Пришлось объясниться со Степаном Ивановичем, инженером теплосетей, человеком добродушным, но, пожалуй, безвольным. Он сам признался:
– Ведь это моя идея – Севу взять. Жена не против, конечно, но и не очень за. Так что требует от меня в магазины бегать, то-се, а на охоту никак не вырвусь.
Зато в следующий же понедельник Сева сказал, а я с удовольствием записала:
4. Ходили на охоту. Степан Иванович убил ворону.
На Севу закричал Коля Урванцев:
– Ворона – полезная птица! Ее нельзя!
– А никого другого не было! – ответил Сева.
Засмеялся весь класс. Но он не обиделся, не заплакал, как в прошлый раз, наоборот, делился впечатлениями:
– У меня ухи будто шапкой закрыло. Ба-б-б-ах! И ничего не слышно. Степан Иванович глотать учил, чтоб прошло.
Конечно, подробности в мою кардиограмму не укладывались. А жаль. Впрочем, память не хуже любой тетради сохранила забавное и грустное, слезы, улыбки, слова да, кажется, и сам воздух тех дней.
Хорошо помню, например, про Анечку.
Ко второй внешкольной субботе я сумела подготовить ее. Аня охотно пошла с Евдокией Петровной, а в понедельник помчалась ко мне через весь вестибюль с широко раскрытым ртом.
– М-м! – мычала она.
– Что такое?
– Посмотри!
Я посмотрела в рот, ничего не поняла.
– Евдокия Петровна три зуба запломбировала. Совсем не больно! Я у нее на работе была! Сама машинкой жужжала. Стану самотологом!
– Стоматологом! – Евдокия Петровна смущенно улыбалась позади Анечки, мотала головой, повторяла: – Ну огонь! Ну огонь!
Все перемены Анечка приставала к ребятам, открывала рот, показывала пломбы. Потом щелкала зубами, точно доказывала, какие они теперь у нее крепкие. Даже Аполлошу порадовала. Остановила в коридоре и показала рот.
Эти дети, замечала я, или замкнуты, или распахнуты настежь. В отличие от интернатовских, тех, что брали домой родители, мои малыши не имели середины. Или скован, или раскрыт. Причем и то и другое могло помещаться в одном человеке. Как в Ане.

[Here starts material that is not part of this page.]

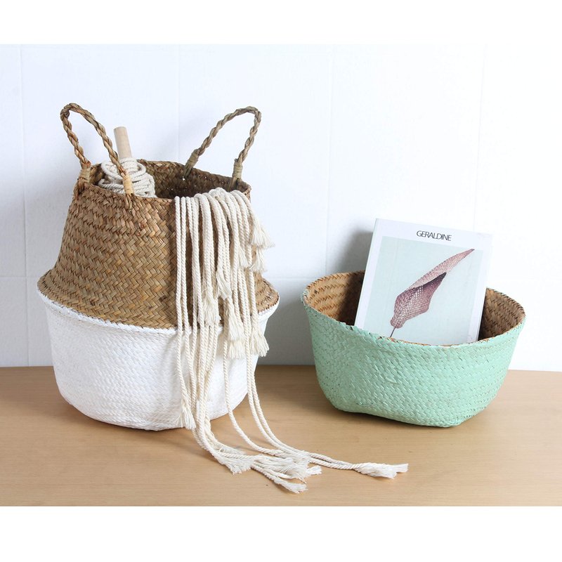 BlueMake Woven Seagrass Belly Basket for Storage, Laundry, Picnic, Plant Pot Cover, and Grocery and toy storage (Small, Black)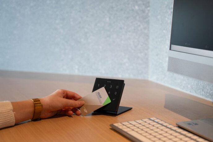 Die hochwertige Stand Base ist perfekt dafür geeignet, um den NFC Code Touch Air, Touch Pure Air oder Touch Pure Flex Air auf dem Schreibtisch im Büro, an der Hotelrezeption oder an verschiedenen anderen Orten zu bedienen.

Ведь любила она меня, любила, точно я это знаю, и будущее подтвердило это, могла бы проговориться, сказать, но молчала, пока не случилось…
Первой это заметила Нонна Самвеловна. Анечка Невзорова сидела у окна и несколько раз прямо во время урока вставала, смотрела в окно и не обращала внимания на замечания учительницы.
– Стояла так, – сказала Нонна Самвеловна, – точно ничего не слышит.
На перемене я зашла в класс. Анечка сидела за партой, упершись взглядом в стену. Я присела к ней, погладила по голове. Она, даже не повернувшись, привалилась ко мне, по-прежнему задумчиво глядя перед собой.
– Что случилось? – спросила я шепотом.
Анечка молчала. Потом, стряхнув оцепенение, посмотрела мне в глаза. Взгляд был совершенно взрослый. Точно разглядывала меня усталая, грустная женщина.
– Что там, за окном? – спросила я, и Анечка сжалась у меня под рукой.
– Ничего, – ответила она.
Послышался звонок.
– Будь умницей, – попросила я, – не забывай, что урок. И что сегодня в гости.
– Может, я не пойду, – загадочно ответила Анечка.
– Почему?
– Может, чего-то случится.
– Ничего не случится.
Но случилось. Посреди последнего урока дверь в спальню грохнула, точно выстрел, и, задыхаясь от плача, ко мне подбежала Анечка.
– Скажи, – прокричала она в отчаянии, – скажи, чтоб она ушла!
Я разглядывала посиневшее, ставшее каким-то больным лицо девочки и ничего не могла сообразить.
– Кто ушла? Евдокия Петровна?
– Нет! Мамка! Она все время тут ходит! К Евдокии Петровне будет приставать! Материться!
Отрывочные эти выкрики меня оглушали. Я прижала девочку к себе, поглаживала спинку, чтобы успокоить, и она кричала мне прямо в ухо. Но оглушали меня не слова. Их суть.
Значит, где-то тут возле школы бродит ее мать? Не первый раз!
– Покажи! – выпрямилась я. Мы подошли к окну. На улице никого не было, кроме разве элегантной женщины в голубом берете с помпошкой, в красивых импортных сапогах на высоком каблуке, по голенищу – ремешок. Писк моды, я о таких могла только мечтать. Но эта мадам не походила на Анечкину мать. Особенно если учесть те два словечка, которыми Аня назвала тогда свою маму.
– Ну?! – спросила я.
– Вот! – кивнула Анечка и торопливо отскочила от окна.